Contradições e injusta acusação

Fernando Henrique Pinto (Juiz Estadual de 1ª. Instância)

Ilmo. Dr. Leonardo.
Querido colega de turma da Fadusp (1996).
O meio digital aproxima, não distancia pessoas.
Venho atendendo virtualmente advogados de outras comarcas e até de outros Estados, sem necessidade de enorme perda de tempo e dinheiro.
Venho presidindo audiências híbridas, com a presença física de quem não tem inclusão digital.
Em SP somente processos anteriores a 2014 não são 100% digitais.
O TJSP vem batendo recordes atrás de recordes de produtividade.
Magistrados e servidores dedicados trabalhando bem mais que as 8h diárias regulamentares, inclusive em dias não úteis.
Os pontuais desvios são objeto de pronta e dura atuação da corregedoria.
Estamos abertos à crítica justa e procedente. Estamos aprendendo também.
Assim, entristesse essa injusta acusação e generalização, de alvitrado dolo de querer se afastar da advocacia.
Eu, ao contrário, sonho que um dia resgatamos a "família forense", e que se enterre de uma vez esse comfronto institucional bem ao estilo "guerra de classes".
Respeitosamente.

Errata

Fernando Henrique Pinto (Juiz Estadual de 1ª. Instância)

Onde constou "entristesse", leia-se evidentemente "entristece". Mas o sentimento é mesmo. E a esperança está sempre viva.

Prezado Dr. Fernando Henrique Pinto

Jonas Gonçalves de Oliveira (Advogado Sócio de Escritório - Civil)

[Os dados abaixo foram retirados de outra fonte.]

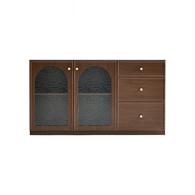 Smart mixed storage combines three deep drawers for cutlery and small items with a ventilated cabinet behind textured tempered glass for safe display and mold-preventing airflow, ideal as a modern buffet, sideboard or coffee station.
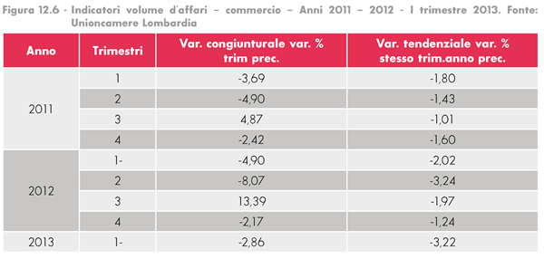 È stato introdotto anche un nuovo indicatore macroeconomico mensile di disagio sociale, chiamato Misery Index Confcommercio (MIC), dove vengono considerate le componenti relative al mercato del lavoro, la disoccupazione ufficiale, la cassa integrazione, gli scoraggiati e il tasso di variazione dei prezzi di beni e servizi acquistati in alta frequenza. Il MIC rappresenta una misura del disagio sociale: a fine 2012 ha raggiunto il massimo ed è raddoppiato in soli sei anni, dall’inizio del 2007 all’inizio del 2013. E’ naturalmente correlato con la povertà assoluta. Si prevedono oltre 4 milioni di persone assolutamente povere nella media del 2013, rispetto al dato certificato dall’Istat di 3,5 milioni circa per il 2011. Affermando che le persone assolutamente povere erano meno di 2,3 milioni nel 2006, in cinque anni ci sono stati circa 615 nuovi poveri al giorno, con previsioni ancora di notevole crescita1. Spostandosi alla dimensione regionale e locale, l’andamento del settore del terziario, commercio e servizi è monitorato attraverso la rilevazione congiunturale effettuata da Unioncamere Lombardia e un’indagine campionaria di imprese operanti nel comparto2. In Lombardia, a fine 2012 per l’andamento del commercio (volume d’affari) si registra una variazione congiunturale positiva del 4,8% rispetto al terzo trimestre 2012, mentre a livello tendenziale - rispetto cioè al trimestre finale del 2011 - si registra una riduzione del 5%. Come a fine 2011, anche a fine 2012 la variazione congiunturale è positiva, ma se ci si confronta con gli andamenti sull’anno, nel 2012 si registra un ulteriore peggioramento rispetto all’anno precedente.

Concordo praticamente em tudo que o Doutor sabiamente explanou em seu comentário. Ouso discordar da opinião que encabeçou o assunto haja vista que o procedimento adotado para a realização das audiência em muito facilitou o trabalho dos advogados e das partes que não mais precisam se deslocar aos fóruns, sejam cíveis, trabalhistas ou federais.
Em especial para aqueles que atuam na cidade de São Paulo onde o caos do trânsito muitas vezes fez com que não chegassem a tempo para a audiência, a não ser aqueles que, mais previdentes, para lá se dirigiam horas antes, dependendo da distância de onde partiam para onde iam.
Acredito que a forma adotada tenha vindo para ficar em definitivo.
O único ponto que vejo possa ocasionar preocupações aos advogados de um modo geral, sejam aqueles que representam o autor ou o réu, recai sobre o depoimento das testemunhas, as quais, poderiam não estar devidamente isoladas e, por meio de artifícios mil, ouvindo os demais depoimentos que antecedam ao seu.
Todavia, a par de já me encontrar ciente da existência que está sendo colocada em prática visando impedir tal situação, qual seja, a de controlar o acesso mediante identificação do IP de origem e seu local, há outro modo de se evitar por completo a orientação à testemunha por ocasião da audiência.
Explico:
É certo que a manutenção da audiência tele presencial, a par de reduzir consideravelmente os custos para o Judiciário e principalmente para os advogados e partes, cumulado com a inegável possibilidade de redução de espaços necessários no ambiente forense, que o processo eletrônico já propiciou, e que até então destinados a enormes conjuntos de prateleiras, propiciará a redução destes com a criação de outros espaços.
Daí minha sugestão de que (continua a seguir)

Continuação

Jonas Gonçalves de Oliveira (Advogado Sócio de Escritório - Civil)

Fossem criadas nos fóruns algumas salas equipadas unicamente para oitiva de testemunhas, sendo estas as únicas que obrigatoriamente iriam para o tribunal respectivo.
Lá aguardariam a chamada, no horário convencionado e seriam encaminhadas a uma sala reservada, acompanhada de um serventuário que já deixaria disponibilizada a tela para seu ingresso na reunião.
Estando isolada, não haveria como ser orientada quando de seu depoimento, tampouco visualizaria ou ouviria os demais depoimentos.
Tal providência, por certo, daria maior segurança jurídica às partes.
No mais, endosso tudo o que por si comentado posto que, de fato, não podemos frear o progresso, tampouco desprezar o que o futuro nos reserva com mais ainda melhorias neste sentido.

Contradições - iii

O ESCUDEIRO JURÍDICO (Cartorário)

Ora, ou a tecnologia é essencial ao processo de desenvolvimento das relações sociais, permitindo, inclusive, o exercício da Democracia, ou não o é.
Realmente o pensamento do pós-graduado é bastante contraditório.
Quanto a dificuldade de realização de audiências a parte, por seu advogado, poderá, requerer o adiamento e assim aguardá-la "sine die".